Smoke gets in your eyes (and lungs)
Smoke is made up of tiny, mostly carbon-based particles, said Kent Pinkerton, director of the UC Davis Center for Health and Environment and a professor with appointments in the School of Veterinary Medicine and School of Medicine.
The size of these particles is critical, Pinkerton said. Those that are 2.5 micrometers or smaller in size—known as PM2.5—can enter deep into the airways and alveoli of the lung. There particles may be trapped in mucus or consumed by protective cells called macrophages, and the debris is coughed up or swallowed. But some particles may make their way from the lung to other organ systems.
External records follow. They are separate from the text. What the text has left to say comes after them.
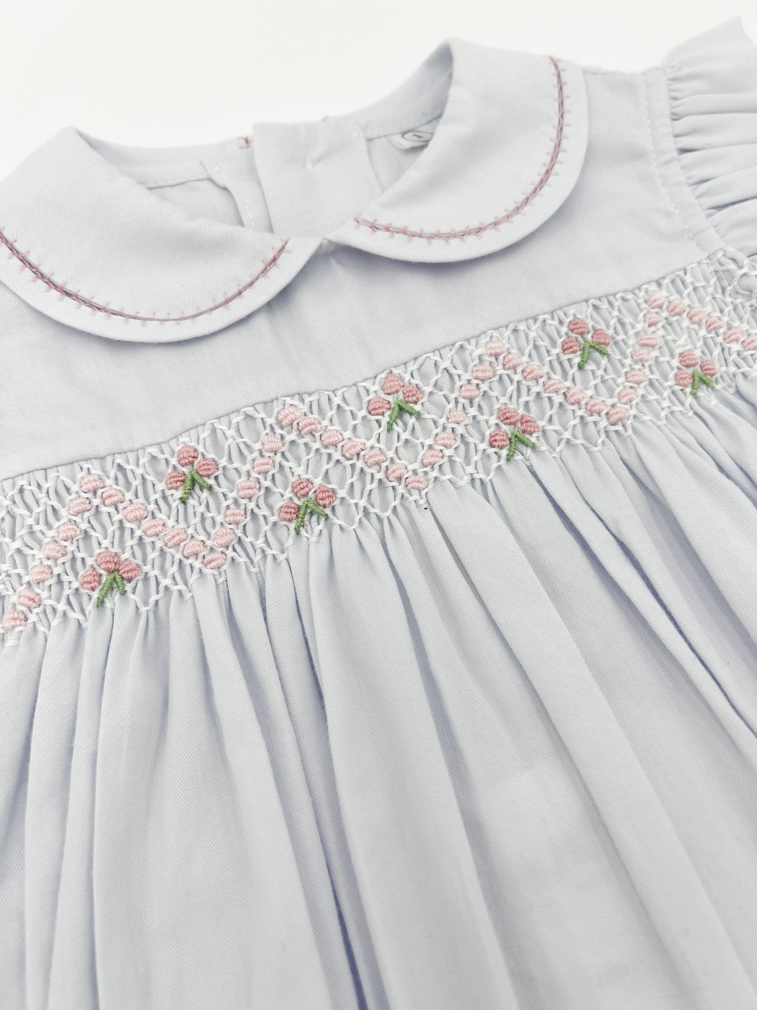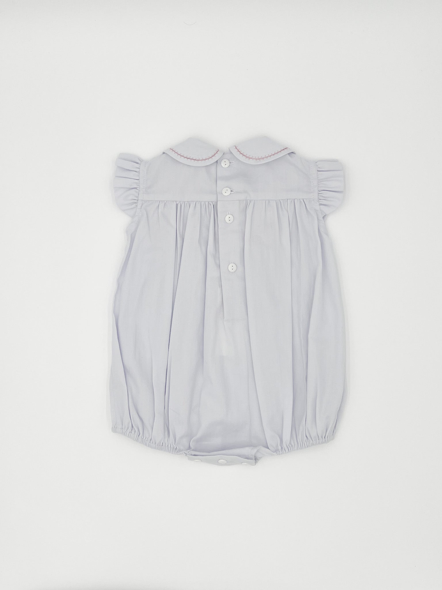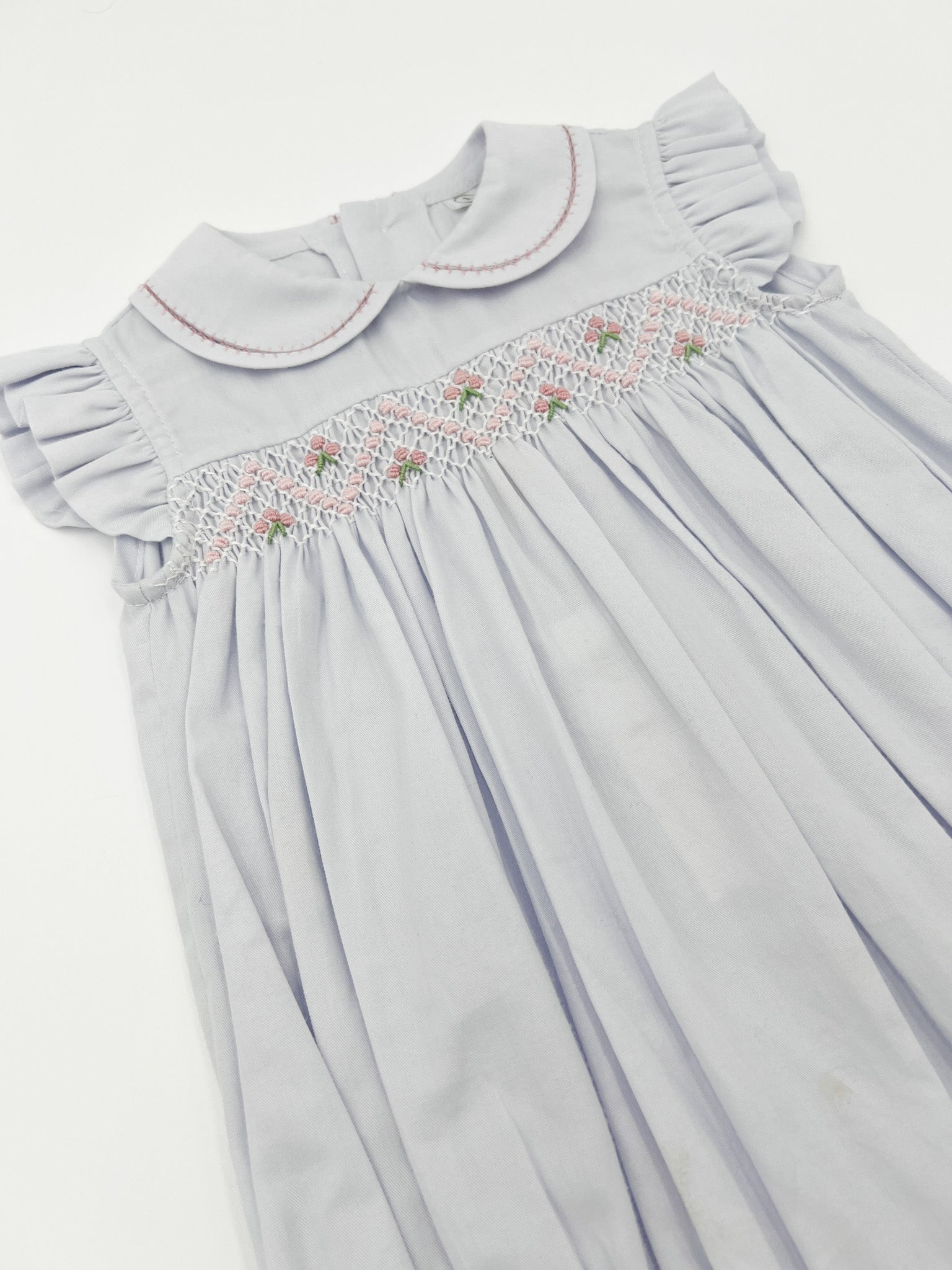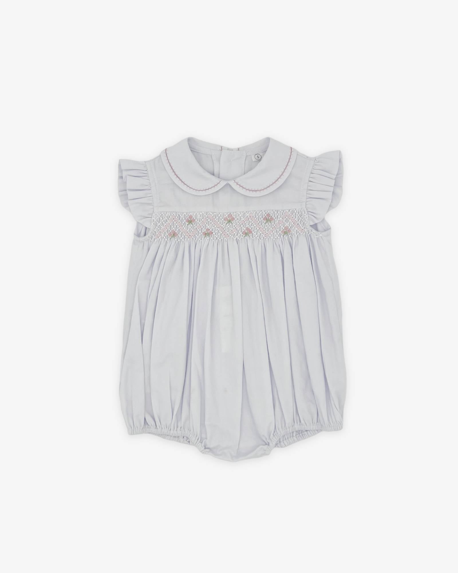 Violet smocked romper with a hand embroidered pink floral design and peter pan style collar made with high quality polycotton.
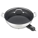 One of the most versatile countertop cooking appliances available, this electric skillet provides a round, 14-by-14-inch cooking surface with over 150 square inches of space for everything from family orders of pancakes to fajitas with friends. The thoughtfully designed skillet features a petroleum-free, ceramic-based, nonstick cooking surface that contains no PTFE or PFOA, which means less impact on the environment, while offering healthier cooking options (little to no butter or oil needed) and effortless food release. For convenient monitoring of food while cooking, the attractive appliance includes a tempered glass lid with a stainless-steel rim and handle. In addition, die-cast stainless-steel handles flanking both ends feature an embossed Cuisinart logo and provide a safe, secure grip when transporting the skillet from the kitchen to the dining-room table for serving. The unit's temperature control dial with a handy indicator light can be adjusted from "warm" to 450 degrees F and removes easily for cleanup by hand or in the dishwasher. An instruction/recipe booklet with over 30 recipes comes included. Beautifully housed in polished stainless steel, the 1800-watt electric skillet measures 17-1/5 by 18-1/5 by 7-2/7 inches and carries a three-year limited warranty.
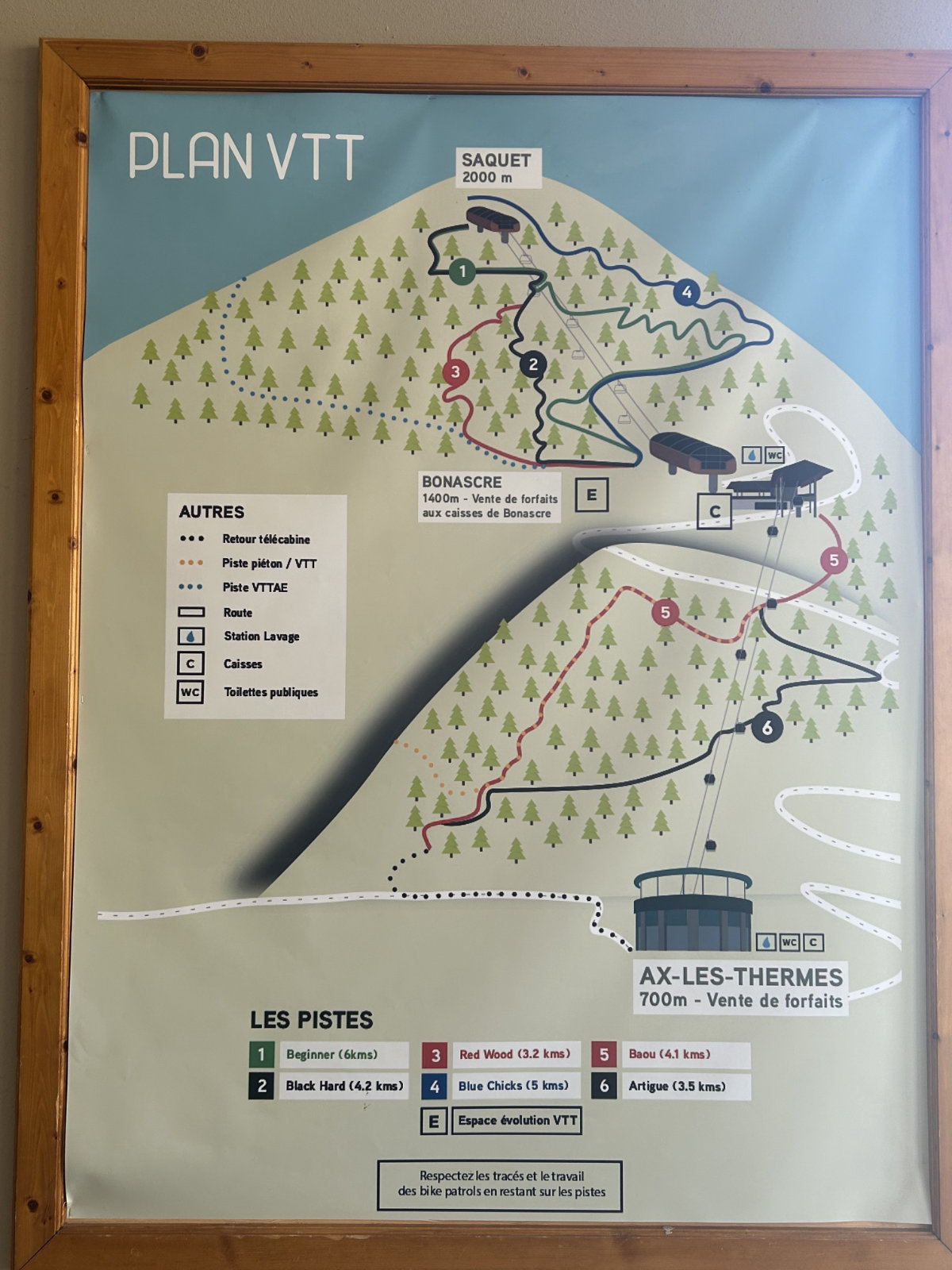 Wir fahren wieder bis zur Mittelstation um von dort nach Ax-les-Thermes abzusteigen. Ein Teil des Wegs ist eine Downhillstrecke für Mountainbikes und schwierig zu begehen. Als wir wieder auf unserem Campingplatz in Savignac-les-Ormeaux eintreffen, sind wir ziemlich geschafft! An der Rezeption liegt ein Päckchen für uns bereit, Gaskartouchen, online bestellt und innert 24 Stunden geliefert (Lieferkosten: keine 4 Euro!)
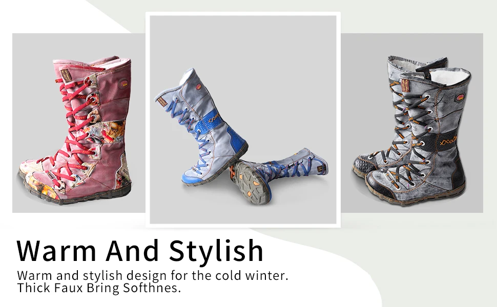 Latest Fashionable Women's Winter Lace-Up Mid Calf Boots Breathable Hard-Wearing with Faux Insoles Western Style
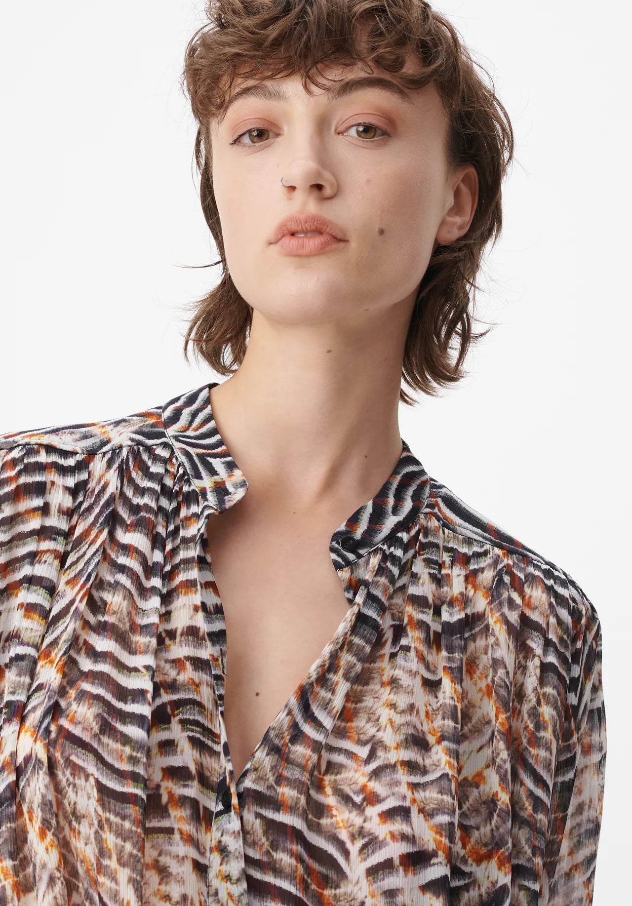 It's simply chic. Featuring a flowy silhouette and wide sleeves, Baylin is made from viscose georgette. A bold zebra shibori print is infused with pops of orange to create a striking design.
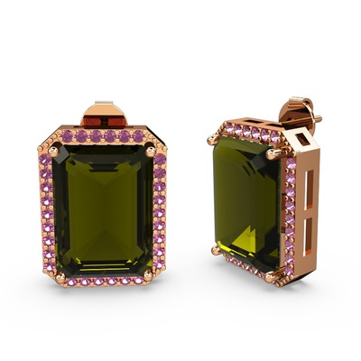 Peridot ve rodolit garnet 14 ayar rose altın küpe
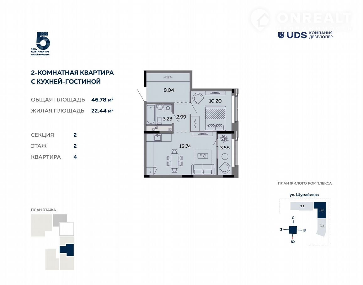 2-комнатная квартира, 46.8 м2, этаж 2 / 17, на продажу в Ижевске, улица Шумайлова, 37Т

Smoke may also contain compounds such as dioxins or phthalates, formed from burning plastic or other materials from burning houses. These compounds may be present both as particles and in some cases as gases. Professor Qi Zhang, in the Department of Environmental Toxicology, found enhanced levels of phthalates in Davis air during the 2018 Camp Fire.
“The greatest health effect depends on the size of the particles and the concentration,” Pinkerton said. “They can be present for a long time, over long distances.”
Acute symptoms of smoke exposure include irritation of the eyes and throat, coughing and sneezing, chest tightness and wheezing. They can also include rapid or irregular heartbeat and excessive fatigue.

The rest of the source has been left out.